(Instructions to follow):
Exactly the lines from the one containing "Виктор Шептий, вице-спикер" through the end of the listing should be written out, both ends included, and nothing more.

Given material below:

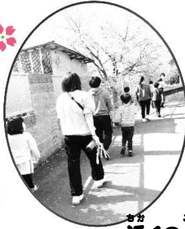
まが こうえん さん ぼ い 近くの公園にお散歩に行ったよ🌸
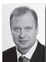
Виктор Шептий, вице-спикер областного парламента:

«Партпроект «Открытая власть – электронный муниципалитет» нацелен на продвижение механизма получения государственных и муниципальных услуг через многофункциональные центры. Поэтому важна организация обратной связи с жителями региона, с общественностью. Мы хотим знать, что необходимо сделать для повышения качества оказания услуг в МФЦ».

End of Given material.

(Problem solution):
Виктор Шептий, вице-спикер областного парламента:

«Партпроект «Открытая власть – электронный муниципалитет» нацелен на продвижение механизма получения государственных и муниципальных услуг через многофункциональные центры. Поэтому важна организация обратной связи с жителями региона, с общественностью. Мы хотим знать, что необходимо сделать для повышения качества оказания услуг в МФЦ».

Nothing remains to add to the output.